[[ Record set open ]]

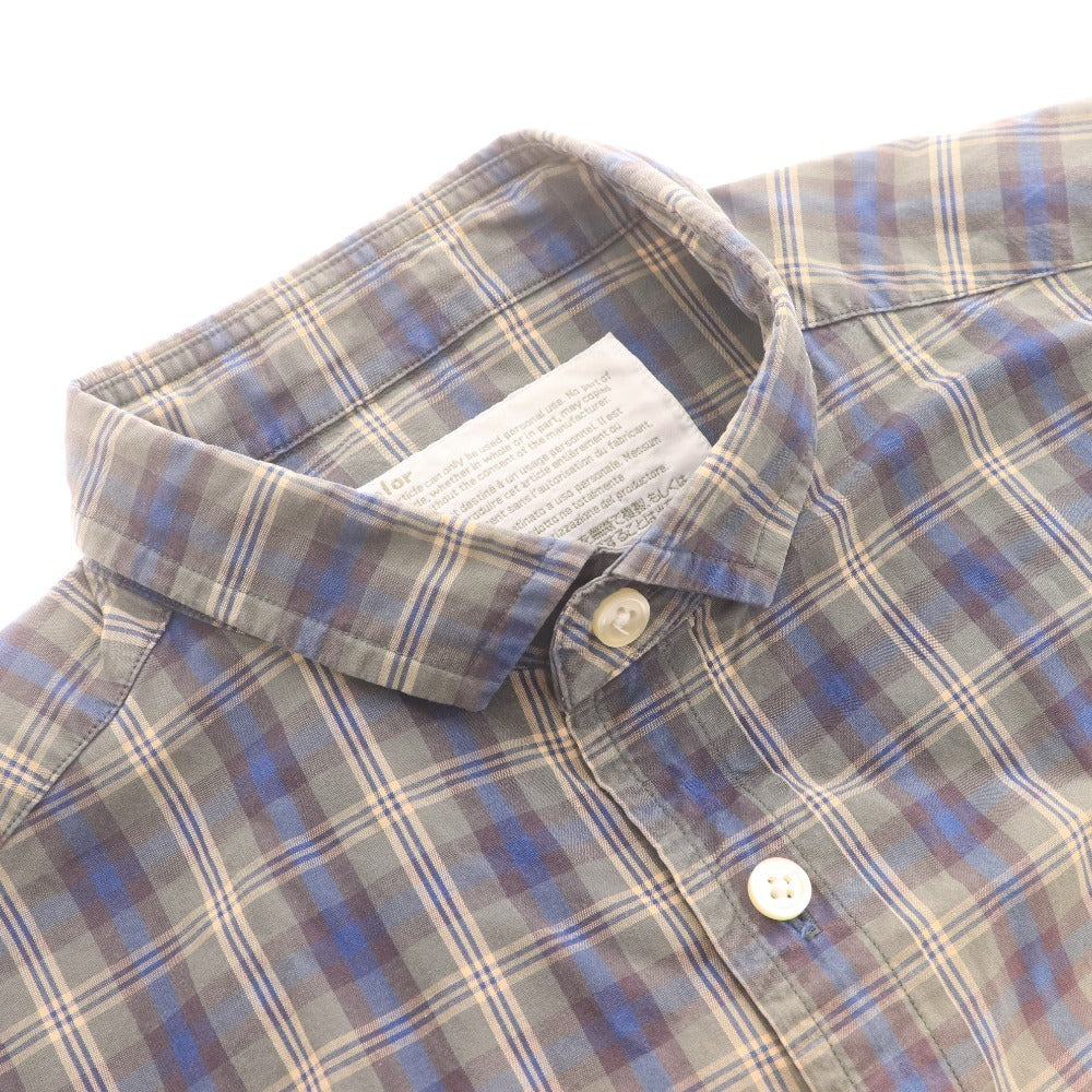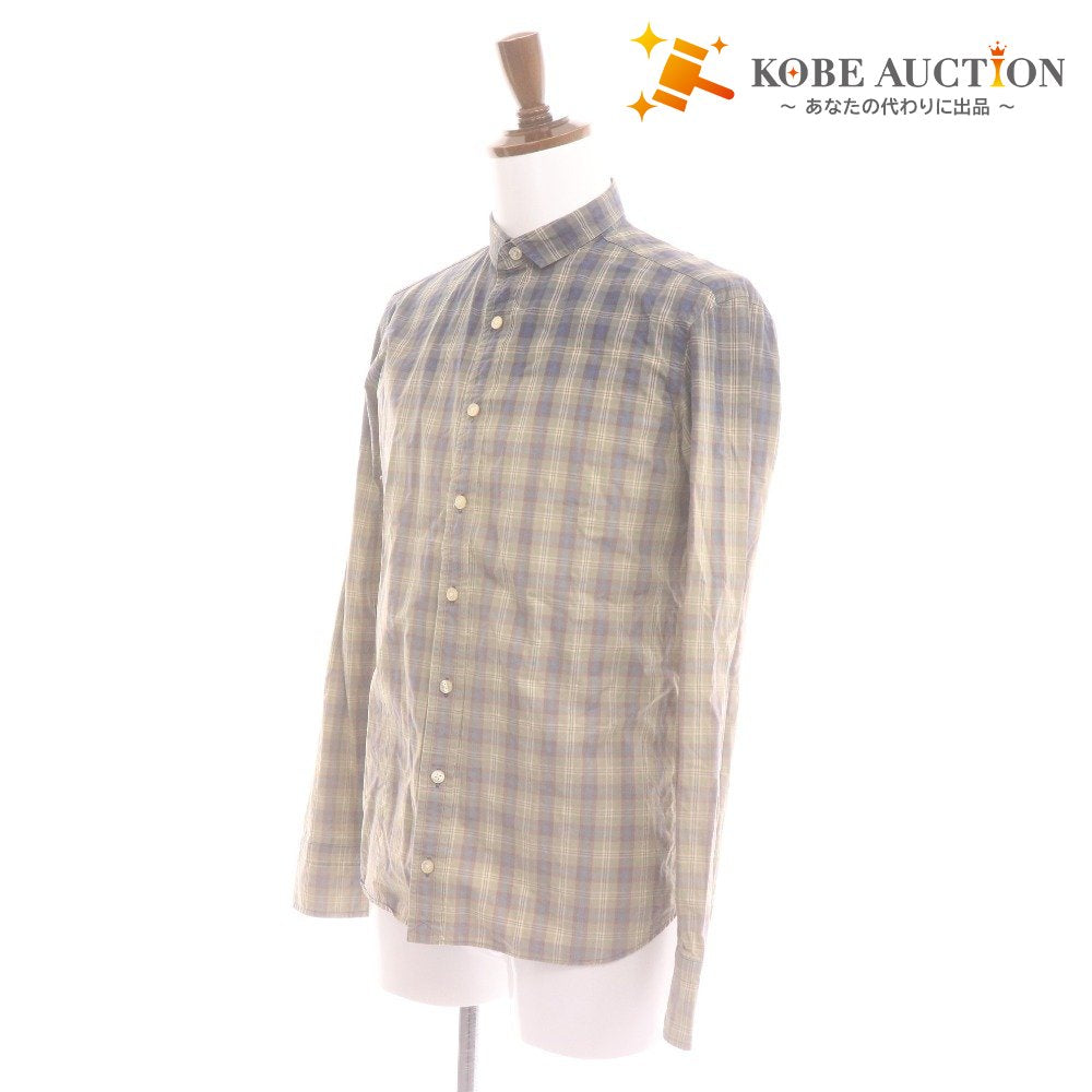 カラー シャツ 長袖 トップス チェック メンズ 2 ブルー グリーン系
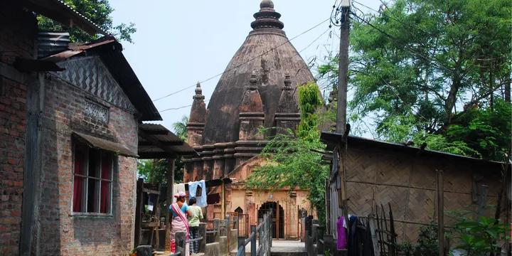 Discover the city of Guwahati, visiting the Kamakhya Temple, a local market and the Brahmaputra Heritage Centre. Drive to Nilachal Hill, a cultural landmark that offers views over the Brahmaputra River, Guwahati and the distant landscape. The hill hosts the Kamakhya Temple, which dates back to the 9th century and is dedicated to the eponymous goddess. Explore the grounds with your guide to see panels that depict Hindu gods and goddesses. Watch as people light candles for worship and see goats roaming around the temple. Next, walk to the local market to see colorful fruits, silks and local food displayed at the stalls. Continue to the Brahmaputra River Heritage Centre, where the legacy of the river can be explored through exhibits that include historical artifacts, traditional textiles and presentations that demonstrate its impact on trade, local life and folklore.
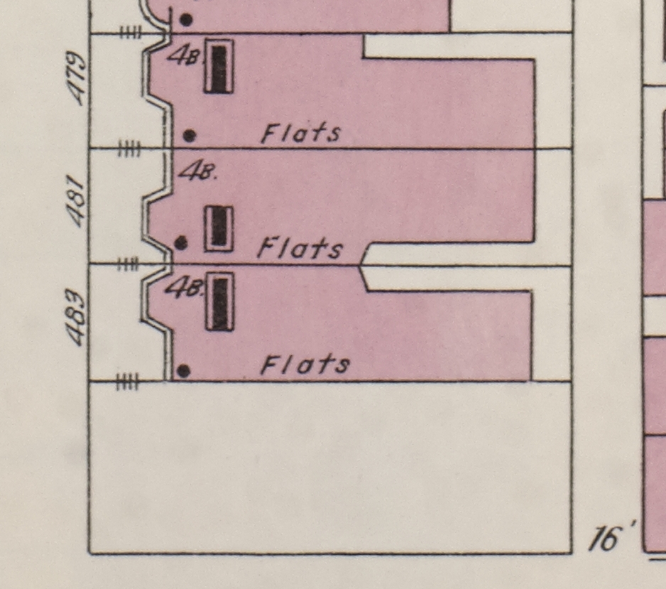 As the buildings were nearing completion, they were offered for lease by Henry Wilson Savage, a real estate dealer. On July 30, 1891, he advertised in the Boston Globe: “New Suites to Let – 479, 481, 483 Beacon st., overlooking Charles river and new Harvard bridge, 6 and 7 rooms, beside bath, all open to outside light and sun, extra storage and coal closets, open fireplaces, marble halls, stairs and bathrooms, steam heat and every modern improvement; rents $900 and upwards.”
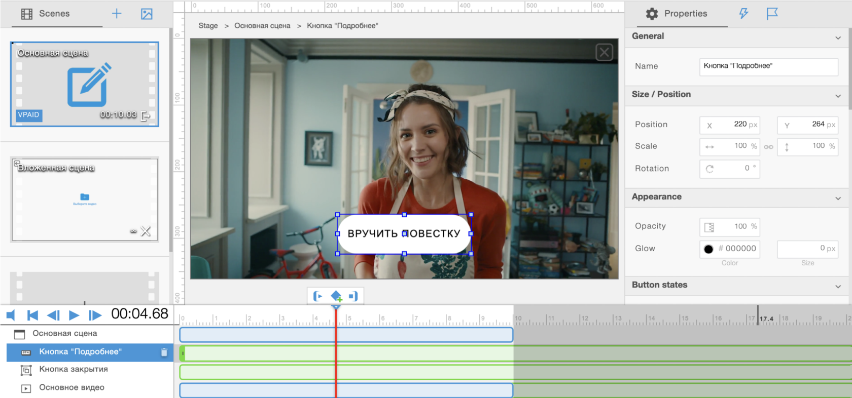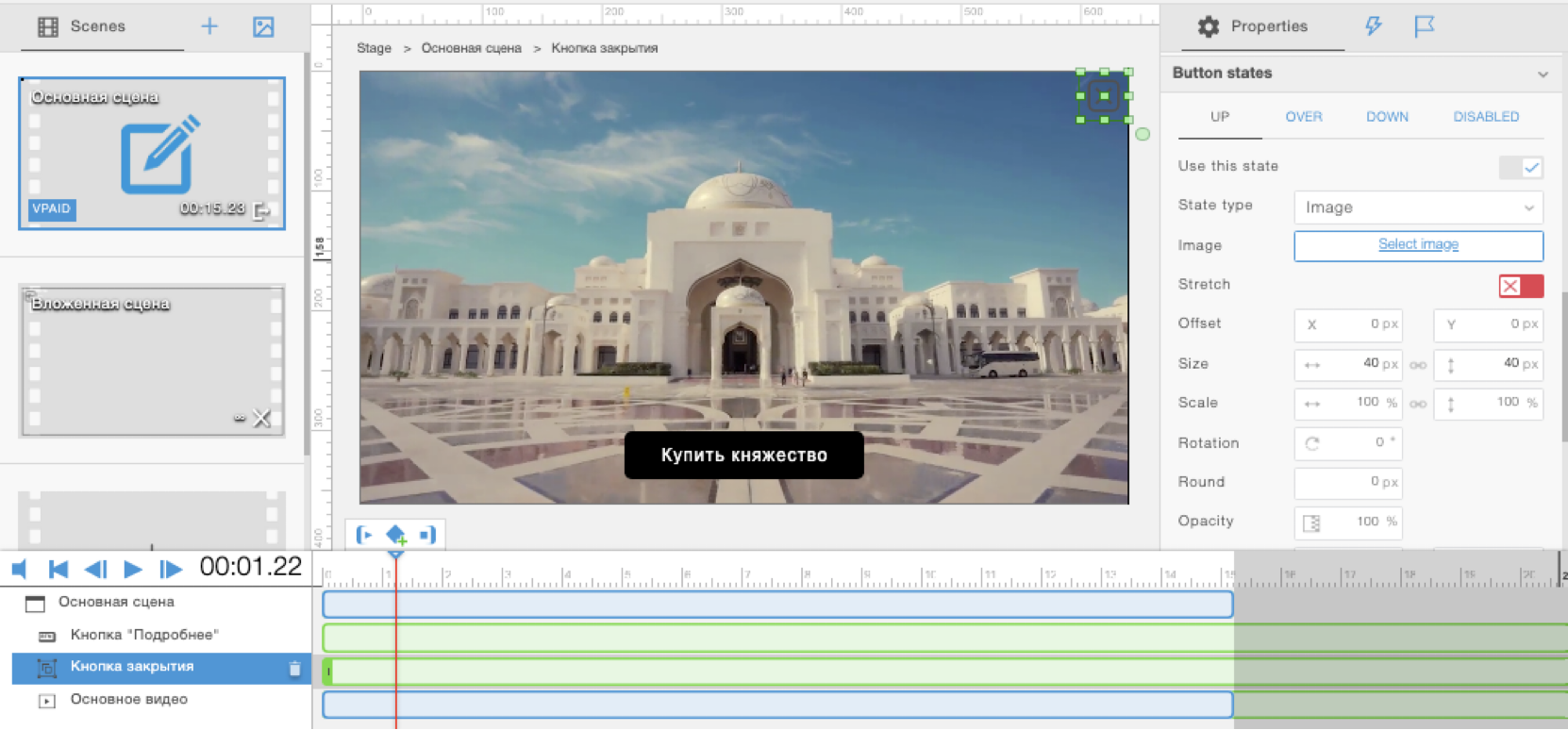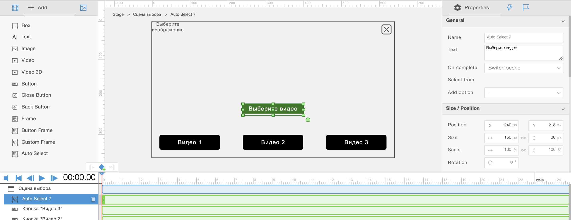 Добавляем на сцены все готовые визуалы (ролики, кнопки, картинки), даем им имена, расставляем на финальных местах
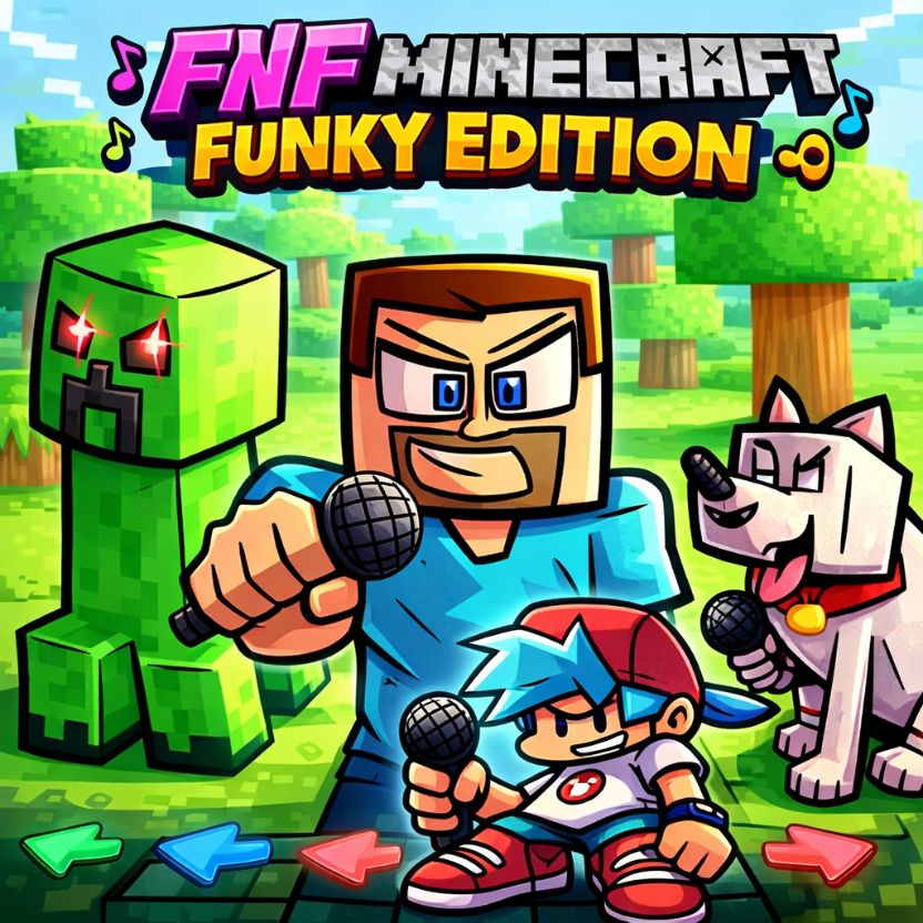 FNF: Minecraft Funky Edition is a unique mod that blends Friday Night Funkin’ with the iconic pixel world of Minecraft. In the game, you will join music battles featuring familiar characters like Steve, Creeper, and other mobs. Your goal is to press the correct keys in time with the beat to win each battle.
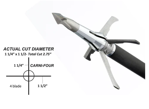 CARNI-FOUR 4-BLADE - 4-blade, 1 ½” x 1 ¼” mechanical with Staggered Blade Technology that will change the mechanical world forever! The instant the two longer 1 ½” cut blades make contact and compress the internal spring, the two shorter 1 ¼” cut blades release and open with the touch of a hair! Giving you the largest 4-blade entrance hole on the market and an incredible “square” wound channel from start to finish!
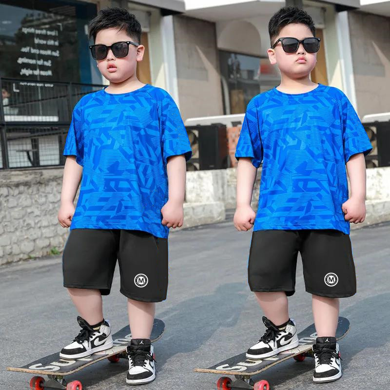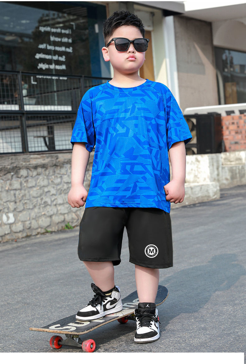 대외 무역 어린이 의류 통통한 소년의 세트 스포츠 볼 세트 여름 플러스 비료 플러스 느슨한 빠른 건조 옷 반팔 투피스 세트스토어 가기
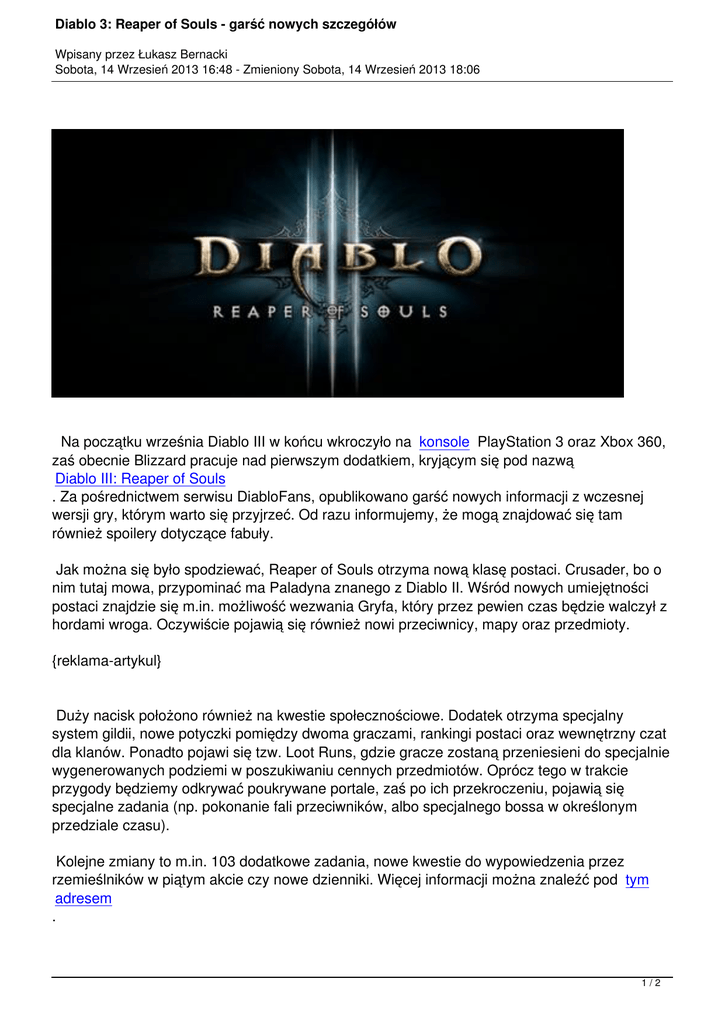 Na początku września Diablo III w końcu wkroczyło na konsole PlayStation 3 oraz Xbox 360,
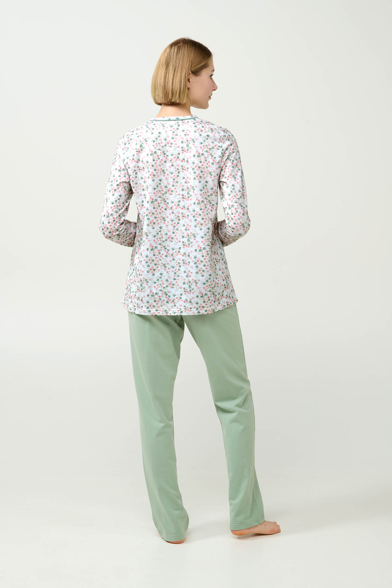 Επιλέξτε για τις κρύες ημέρες του χειμώνα ένα σετ γυναικείες πυτζάμες, κατασκευασμένο από υψηλής ποιότητας 100% βαμβάκι φούτερ που προφέρει φυσική ζεστασιά και διαπνοή. Το επάνω μέρος ξεχωρίζει με ένα ρομαντικό φλοράλ μοτίβο και κλασική πατιλέτα που προσθέτουν διαχρονική γοητεία, ενώ το μονόχρωμο παντελόνι διατηρεί χαρίζει ισορροπία στο σύνολο. Ιδανικό για στιγμές χαλάρωσης ή έναν ήρεμο ύπνο.

[[ Record set closed ]]

_What the task asks:_
Output every entry exactly. Pictures stay out.

_Exercise output:_
 カラー シャツ 長袖 トップス チェック メンズ 2 ブルー グリーン系
 Discover the city of Guwahati, visiting the Kamakhya Temple, a local market and the Brahmaputra Heritage Centre. Drive to Nilachal Hill, a cultural landmark that offers views over the Brahmaputra River, Guwahati and the distant landscape. The hill hosts the Kamakhya Temple, which dates back to the 9th century and is dedicated to the eponymous goddess. Explore the grounds with your guide to see panels that depict Hindu gods and goddesses. Watch as people light candles for worship and see goats roaming around the temple. Next, walk to the local market to see colorful fruits, silks and local food displayed at the stalls. Continue to the Brahmaputra River Heritage Centre, where the legacy of the river can be explored through exhibits that include historical artifacts, traditional textiles and presentations that demonstrate its impact on trade, local life and folklore.
 As the buildings were nearing completion, they were offered for lease by Henry Wilson Savage, a real estate dealer. On July 30, 1891, he advertised in the Boston Globe: “New Suites to Let – 479, 481, 483 Beacon st., overlooking Charles river and new Harvard bridge, 6 and 7 rooms, beside bath, all open to outside light and sun, extra storage and coal closets, open fireplaces, marble halls, stairs and bathrooms, steam heat and every modern improvement; rents $900 and upwards.”
 Добавляем на сцены все готовые визуалы (ролики, кнопки, картинки), даем им имена, расставляем на финальных местах
 FNF: Minecraft Funky Edition is a unique mod that blends Friday Night Funkin’ with the iconic pixel world of Minecraft. In the game, you will join music battles featuring familiar characters like Steve, Creeper, and other mobs. Your goal is to press the correct keys in time with the beat to win each battle.
 CARNI-FOUR 4-BLADE - 4-blade, 1 ½” x 1 ¼” mechanical with Staggered Blade Technology that will change the mechanical world forever! The instant the two longer 1 ½” cut blades make contact and compress the internal spring, the two shorter 1 ¼” cut blades release and open with the touch of a hair! Giving you the largest 4-blade entrance hole on the market and an incredible “square” wound channel from start to finish!
 대외 무역 어린이 의류 통통한 소년의 세트 스포츠 볼 세트 여름 플러스 비료 플러스 느슨한 빠른 건조 옷 반팔 투피스 세트스토어 가기
 Na początku września Diablo III w końcu wkroczyło na konsole PlayStation 3 oraz Xbox 360,
 Επιλέξτε για τις κρύες ημέρες του χειμώνα ένα σετ γυναικείες πυτζάμες, κατασκευασμένο από υψηλής ποιότητας 100% βαμβάκι φούτερ που προφέρει φυσική ζεστασιά και διαπνοή. Το επάνω μέρος ξεχωρίζει με ένα ρομαντικό φλοράλ μοτίβο και κλασική πατιλέτα που προσθέτουν διαχρονική γοητεία, ενώ το μονόχρωμο παντελόνι διατηρεί χαρίζει ισορροπία στο σύνολο. Ιδανικό για στιγμές χαλάρωσης ή έναν ήρεμο ύπνο.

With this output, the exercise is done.